Судьба этого персонажа фильма Жана Ренуара в чем-то схожа с судьбой режиссера Жана Эсташа, называвшего Ренуара одним из своих учителей. Электрик из пригорода Бордо и самоучка, он вторгается в буржуазный парижский киномир, как летчик Жюрье в аристократическое общество, — со своими историями про циничных негодяев, жалких типов и лживых бездельников. В начале 60-х его подруга — секретарша в редакции Cahiers du cinéma; там он и знакомится с режиссерами «новой волны». Напрашивается неофициальным ассистентом к Ромеру на съемки «Булочницы из Монсо» (La boulangère de Monceau, 1963), в том же году работает ассистентом у Веккиали. Втайне от товарищей снимает свой первый фильм — «Дурные знакомства» (Les mauvaises fréquentations, 1963). По собственному сценарию, как и все последующие картины. Хотя эта короткометражка и находится под явным влиянием ромеровских «Моральных историй» (Contes moraux, 1963–1972), но, по свидетельству режиссера и критика Жана Душе (который вместе с Ромером был ее первым зрителем), она сильно отличалась от короткометражек тогдашних новичков: «С этого фильма началось вторжение иной социальной и культурной среды»1.
1 Цит. по: Philippon A. Jean Eustache. Paris: Les Cahiers du Cinéma, 1986. P. 13.
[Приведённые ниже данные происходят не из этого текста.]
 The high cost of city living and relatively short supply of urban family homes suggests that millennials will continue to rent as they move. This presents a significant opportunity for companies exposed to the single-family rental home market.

Как и Жюрье, Эсташ манкирует правилами — в выборе типажей, тем, слов. При этом темы, как правило, автобиографичны. В его первом фильме зрителей поразила незначительность главных героев — двух необаятельных волокит, обворовывающих безработную легкомысленную мать. Во втором, тоже короткометражном («Дед Мороз с голубыми глазами»; Le père Noël a les yeux bleus, 1966), — снятом на пленку, которая осталась от годаровского «Мужское-женское» (Masculin féminin, 1966), — персонаж Жан-Пьера Лео зарабатывает на покупку нового пальто, позируя для уличного фотографа в костюме Деда Мороза; в финальном кадре он скандирует вместе с друзьями, удаляясь по ночной улице: «В бордель! В бордель!» Эта сцена также вызвала пересуды.
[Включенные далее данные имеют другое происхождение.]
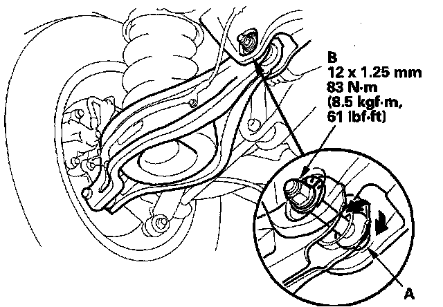 3. Hold the adjusting bolt (A) on the rear lower arm B, and loosen the self-locking nut (B).

Короткометражки обычно считаются уделом начинающих, но Эсташ прибегал к этому формату и после двух полных метров (разумно объясняя это тем, что каждому сюжету — своя продолжительность). Экспериментировал со смещением границы между игровым кино и документальным. Позволял себе говорить устами своих героев то, о чем не решались сказать иные его коллеги. Наконец, в 70-х он признавался, что живет с чувством глубокого разочарования — в культурных и социальных последствиях Красного Мая. Слова, сказанные по радио летчиком Жюрье своей возлюбленной, Эсташ мог бы, вероятно, адресовать Революции 1968-го.
Самоубийство в 1981-м, в 42 года. Частичный паралич из-за автокатастрофы? Отсутствие денег на съемки? Пристрастие к «Кровавой Мэри»?2 «Смерть Жана Эсташа шокировала, но не была неожиданностью. Его друзья говорили, что он склонен к суициду», — пишет в некрологе Серж Даней3. Литератор Уэльбек цинично замечал, что даже самоубийства Дебора и Делёза никого во Франции не удивили. Также никого не удивила смерть подстреленного, точно заяц на охоте, летчика Жюрье.
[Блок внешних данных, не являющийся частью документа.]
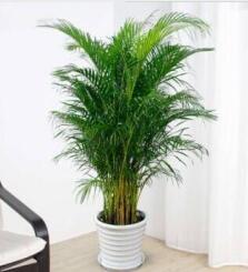 散尾葵,又名黄椰子,为丛生常绿灌木或小乔木。茎干光滑,黄绿色,无毛刺,嫩时披蜡粉,上有明显叶痕,呈环纹状。叶面滑细长,羽状复叶,全裂,长40~150cm,叶柄稍弯曲,先端柔软;裂片条状披针形,左右两侧不对称,中部裂片长约50cm,顶部裂片仅10cm,端长渐尖,常为2短裂,背面主脉隆起;叶柄、叶轴、叶鞘均淡黄绿色;叶鞘圆筒形,包茎。肉穗花序圆锥状,生于叶鞘下,多分支,长约40cm,宽50cm;花小,金黄色,花期3~4月。果近圆形,长1.2cm,宽1.1cm,橙黄色。种子1~3枚,卵形至椭圆形。基部多分蘖,呈丛生状生长。

2 На эту деталь указывает в своих воспоминаниях Эван Анска: Hanska E. Mes années Eustache. Paris: Flammarion, 2001.
3 Daney S. Le fil (mort de Jean Eustache) // Libération. 1981. 16 oct.
Конечно, аналогия между судьбами режиссера и вымышленного авиатора весьма приблизительна: Эсташ — это не только разочарованный Жюрье, но и лгущий браконьер Мар со (из того же фильма), и обаятельный бомж «Будю, спасенный из воды» (Boudu sauvé des eaux, 1932), а возможно, и андерсеновская «Маленькая продавщица спичек» (La petite marchande d’allumettes, 1928) — немая картина, которой он посвятил 26-минутное телевизионное исследование («По поводу „Маленькой продавщицы спичек“»; A propos de La petite marchande d’allumettes de Jean Renoir, 1969). Словом, если соотносить друг с другом художественные проекты Ренуара и Эсташа, то последний — это только одна из возможностей первого: он остался незавершенным, в нем лишь частично были развиты сделанные Ренуаром кинематографические открытия.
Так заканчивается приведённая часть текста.